> Task requirements
All of the records below need to be written out exactly, but without the pictures.

> Information given
Start of Block
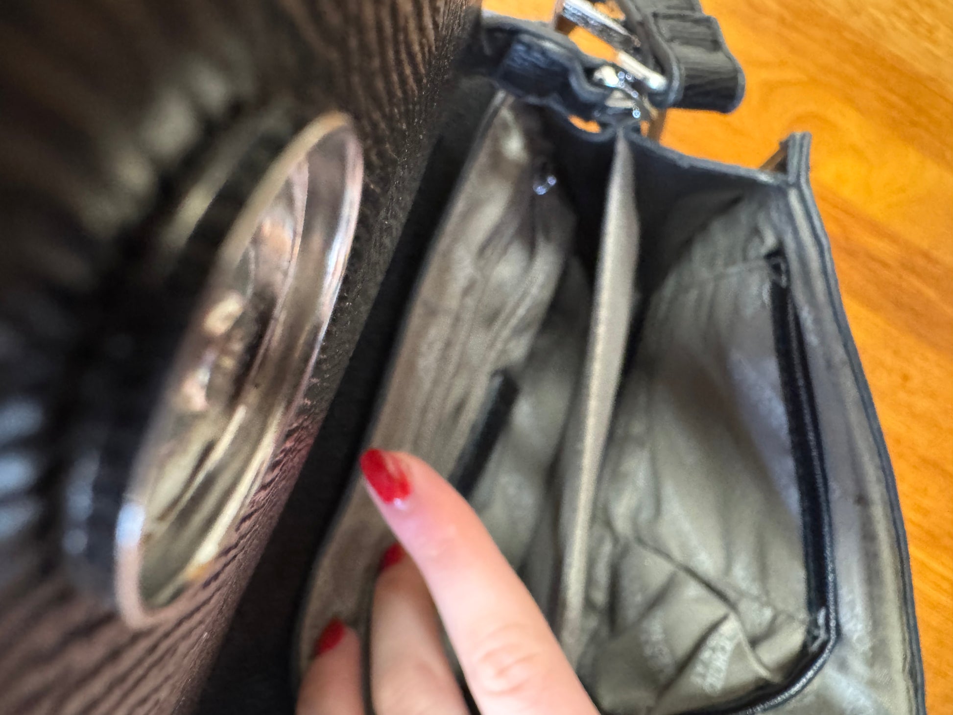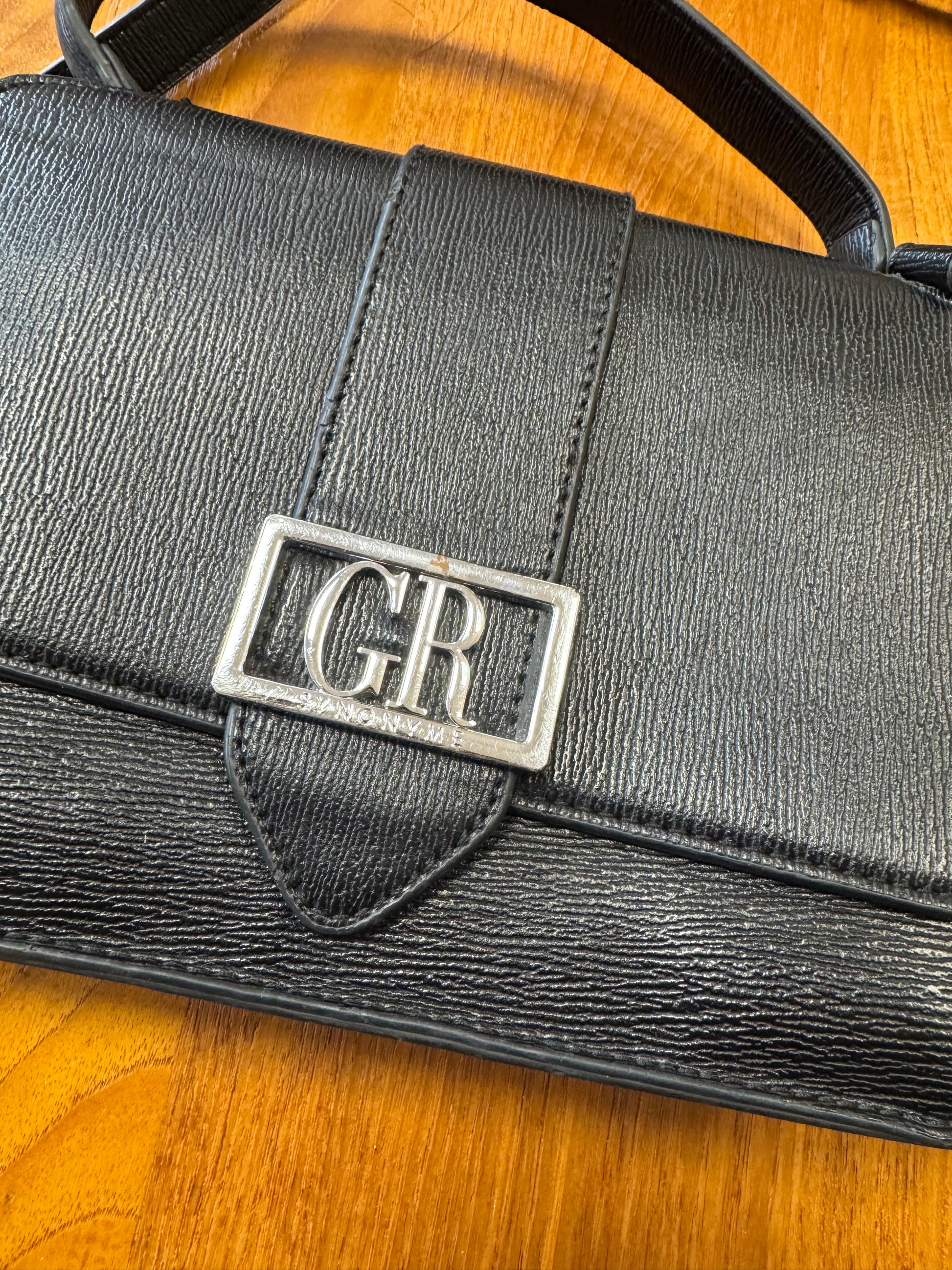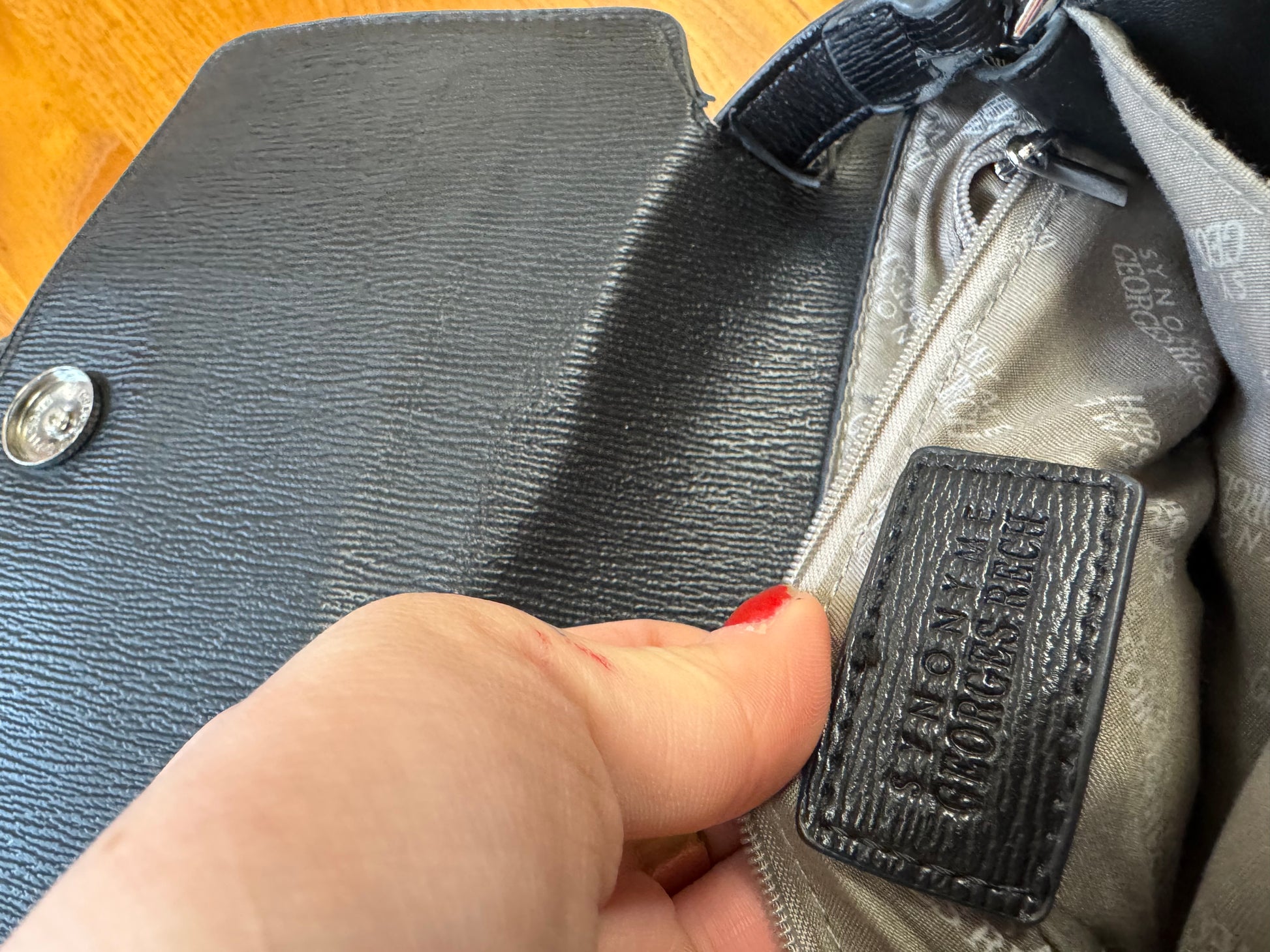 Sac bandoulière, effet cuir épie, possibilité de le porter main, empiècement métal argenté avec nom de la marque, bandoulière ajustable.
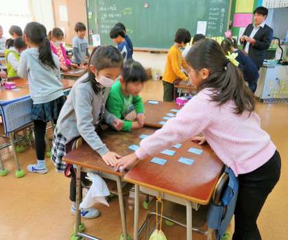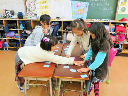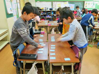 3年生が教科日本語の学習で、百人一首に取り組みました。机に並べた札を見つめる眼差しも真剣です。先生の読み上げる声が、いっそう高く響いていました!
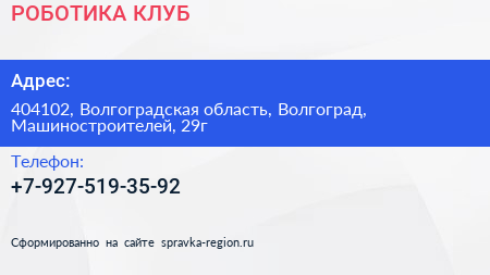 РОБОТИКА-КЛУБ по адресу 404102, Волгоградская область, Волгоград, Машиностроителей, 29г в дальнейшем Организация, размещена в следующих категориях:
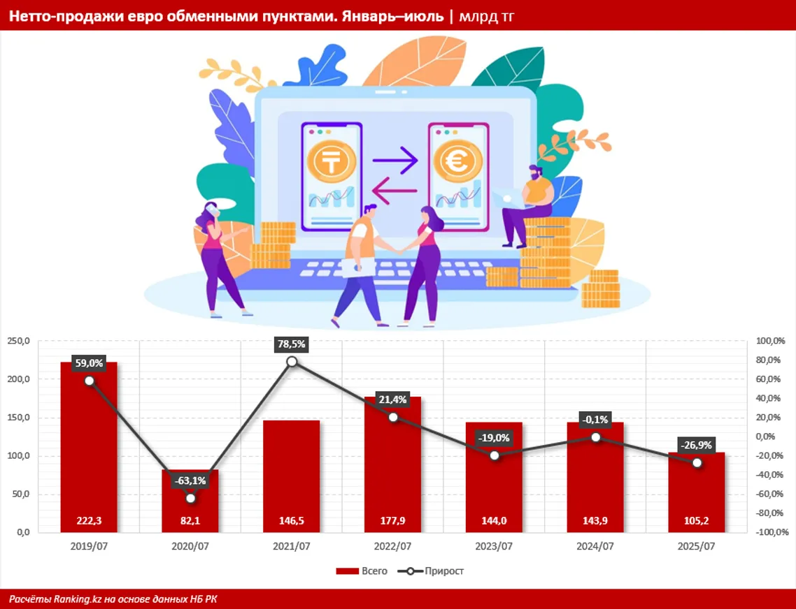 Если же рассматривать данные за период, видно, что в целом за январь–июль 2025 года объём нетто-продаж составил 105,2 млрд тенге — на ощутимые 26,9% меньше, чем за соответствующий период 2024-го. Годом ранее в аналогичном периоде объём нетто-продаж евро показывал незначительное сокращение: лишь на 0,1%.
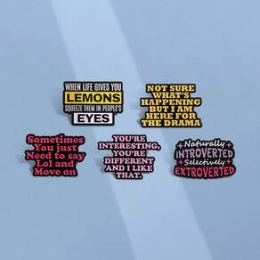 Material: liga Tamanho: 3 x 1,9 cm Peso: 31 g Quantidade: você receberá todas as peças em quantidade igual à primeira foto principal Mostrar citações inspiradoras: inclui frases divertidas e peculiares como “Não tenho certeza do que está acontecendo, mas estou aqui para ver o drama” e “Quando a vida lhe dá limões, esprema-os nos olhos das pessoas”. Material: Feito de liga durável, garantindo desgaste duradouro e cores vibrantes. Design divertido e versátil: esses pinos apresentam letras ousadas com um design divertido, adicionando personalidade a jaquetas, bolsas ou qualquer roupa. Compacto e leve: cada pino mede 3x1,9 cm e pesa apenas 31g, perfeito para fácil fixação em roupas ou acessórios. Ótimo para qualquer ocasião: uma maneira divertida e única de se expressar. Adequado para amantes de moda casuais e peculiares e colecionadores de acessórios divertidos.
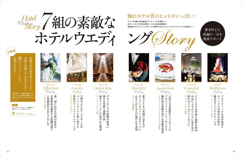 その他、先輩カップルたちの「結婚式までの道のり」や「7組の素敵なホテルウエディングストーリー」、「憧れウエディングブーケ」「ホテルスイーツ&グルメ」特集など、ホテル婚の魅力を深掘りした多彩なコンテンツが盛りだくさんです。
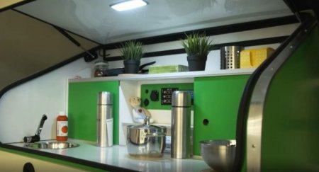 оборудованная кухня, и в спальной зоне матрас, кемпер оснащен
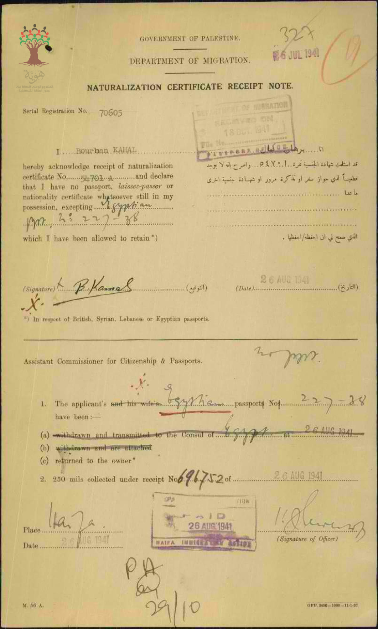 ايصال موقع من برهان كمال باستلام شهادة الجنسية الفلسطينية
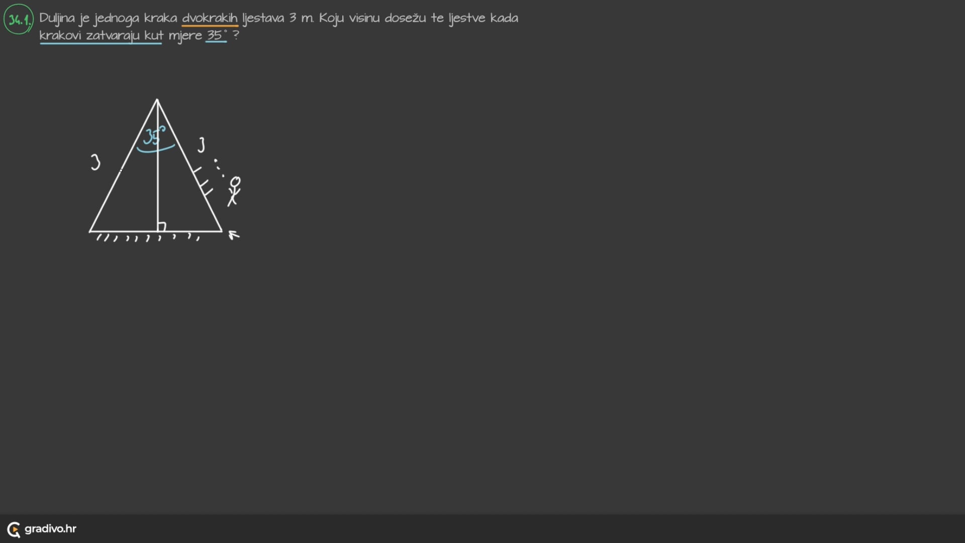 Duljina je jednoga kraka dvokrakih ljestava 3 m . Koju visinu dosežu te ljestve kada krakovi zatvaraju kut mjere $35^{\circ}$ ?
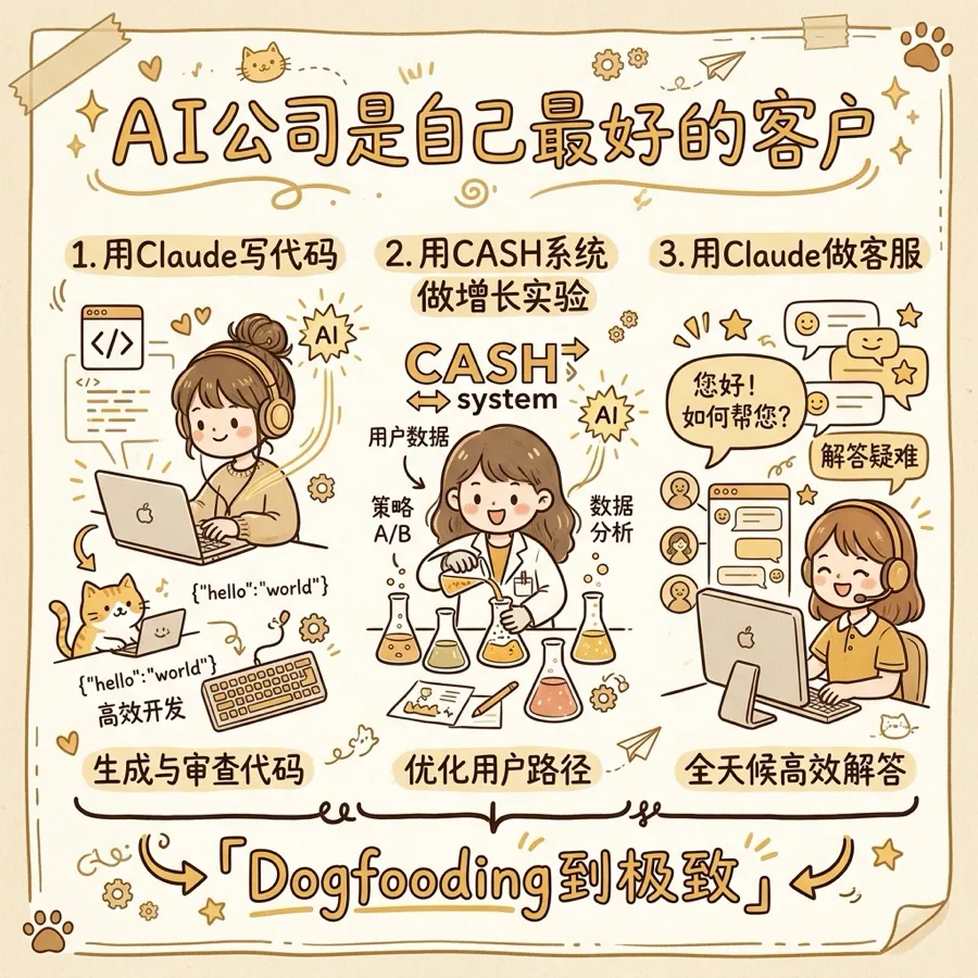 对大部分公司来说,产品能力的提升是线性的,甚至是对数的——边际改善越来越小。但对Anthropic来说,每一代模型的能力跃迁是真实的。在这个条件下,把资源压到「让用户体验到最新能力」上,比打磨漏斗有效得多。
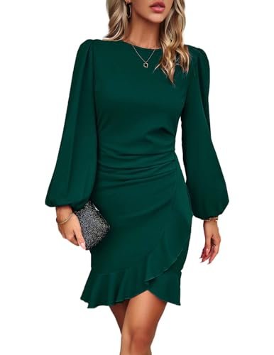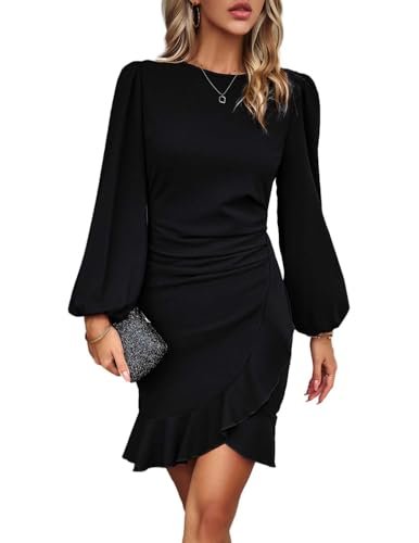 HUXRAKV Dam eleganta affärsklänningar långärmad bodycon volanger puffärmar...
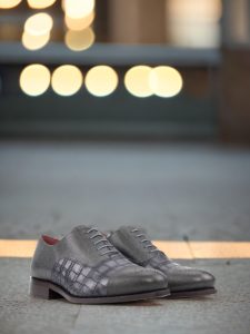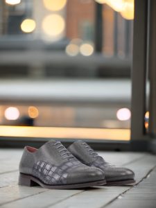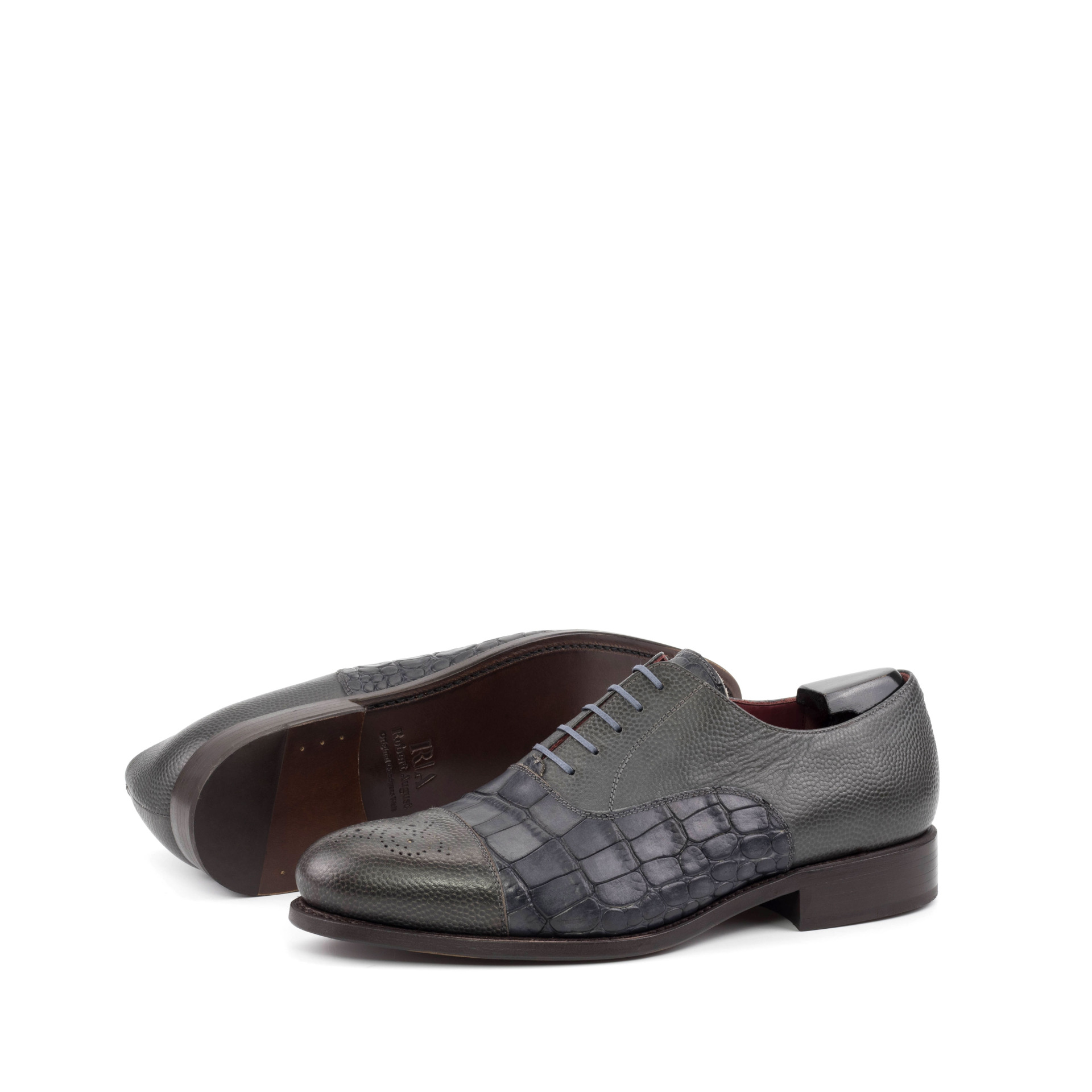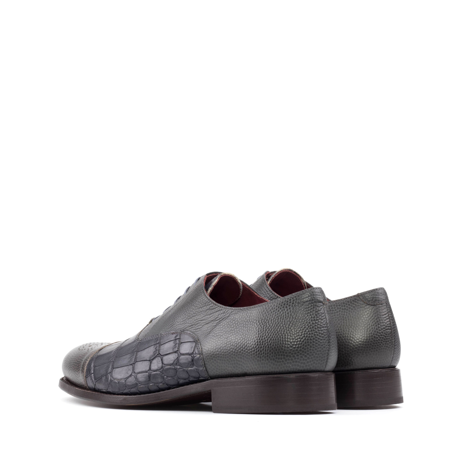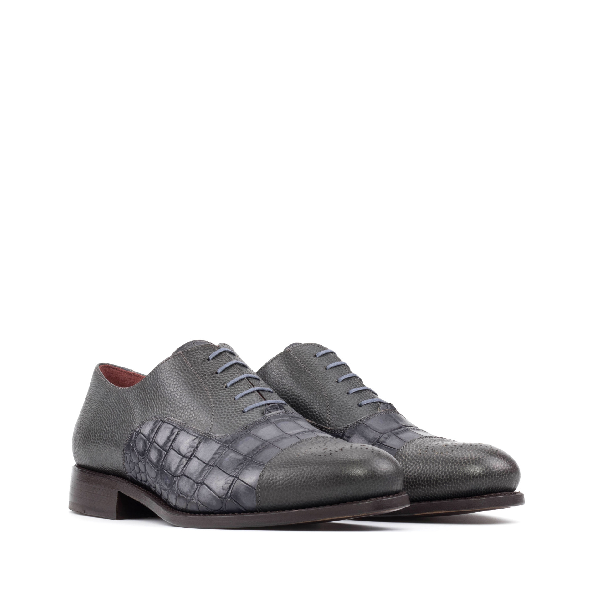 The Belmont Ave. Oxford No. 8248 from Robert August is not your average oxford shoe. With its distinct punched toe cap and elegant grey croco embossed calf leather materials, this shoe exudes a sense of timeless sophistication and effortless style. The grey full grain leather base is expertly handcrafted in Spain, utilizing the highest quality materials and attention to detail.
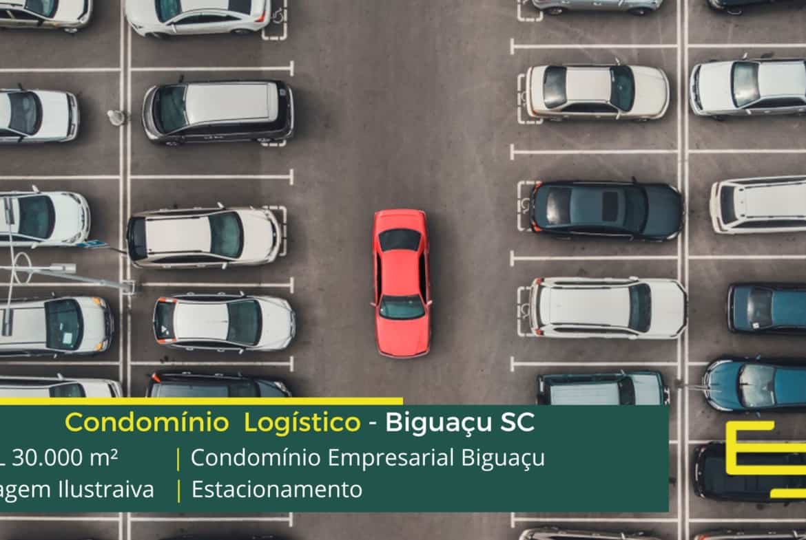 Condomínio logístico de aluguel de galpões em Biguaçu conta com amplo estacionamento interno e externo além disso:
End of Block
> Solution to this task
 Sac bandoulière, effet cuir épie, possibilité de le porter main, empiècement métal argenté avec nom de la marque, bandoulière ajustable.
 3年生が教科日本語の学習で、百人一首に取り組みました。机に並べた札を見つめる眼差しも真剣です。先生の読み上げる声が、いっそう高く響いていました!
 РОБОТИКА-КЛУБ по адресу 404102, Волгоградская область, Волгоград, Машиностроителей, 29г в дальнейшем Организация, размещена в следующих категориях:
 Если же рассматривать данные за период, видно, что в целом за январь–июль 2025 года объём нетто-продаж составил 105,2 млрд тенге — на ощутимые 26,9% меньше, чем за соответствующий период 2024-го. Годом ранее в аналогичном периоде объём нетто-продаж евро показывал незначительное сокращение: лишь на 0,1%.
 Material: liga Tamanho: 3 x 1,9 cm Peso: 31 g Quantidade: você receberá todas as peças em quantidade igual à primeira foto principal Mostrar citações inspiradoras: inclui frases divertidas e peculiares como “Não tenho certeza do que está acontecendo, mas estou aqui para ver o drama” e “Quando a vida lhe dá limões, esprema-os nos olhos das pessoas”. Material: Feito de liga durável, garantindo desgaste duradouro e cores vibrantes. Design divertido e versátil: esses pinos apresentam letras ousadas com um design divertido, adicionando personalidade a jaquetas, bolsas ou qualquer roupa. Compacto e leve: cada pino mede 3x1,9 cm e pesa apenas 31g, perfeito para fácil fixação em roupas ou acessórios. Ótimo para qualquer ocasião: uma maneira divertida e única de se expressar. Adequado para amantes de moda casuais e peculiares e colecionadores de acessórios divertidos.
 その他、先輩カップルたちの「結婚式までの道のり」や「7組の素敵なホテルウエディングストーリー」、「憧れウエディングブーケ」「ホテルスイーツ&グルメ」特集など、ホテル婚の魅力を深掘りした多彩なコンテンツが盛りだくさんです。
 оборудованная кухня, и в спальной зоне матрас, кемпер оснащен
 ايصال موقع من برهان كمال باستلام شهادة الجنسية الفلسطينية
 Duljina je jednoga kraka dvokrakih ljestava 3 m . Koju visinu dosežu te ljestve kada krakovi zatvaraju kut mjere $35^{\circ}$ ?
 对大部分公司来说,产品能力的提升是线性的,甚至是对数的——边际改善越来越小。但对Anthropic来说,每一代模型的能力跃迁是真实的。在这个条件下,把资源压到「让用户体验到最新能力」上,比打磨漏斗有效得多。
 HUXRAKV Dam eleganta affärsklänningar långärmad bodycon volanger puffärmar...
 The Belmont Ave. Oxford No. 8248 from Robert August is not your average oxford shoe. With its distinct punched toe cap and elegant grey croco embossed calf leather materials, this shoe exudes a sense of timeless sophistication and effortless style. The grey full grain leather base is expertly handcrafted in Spain, utilizing the highest quality materials and attention to detail.
 Condomínio logístico de aluguel de galpões em Biguaçu conta com amplo estacionamento interno e externo além disso:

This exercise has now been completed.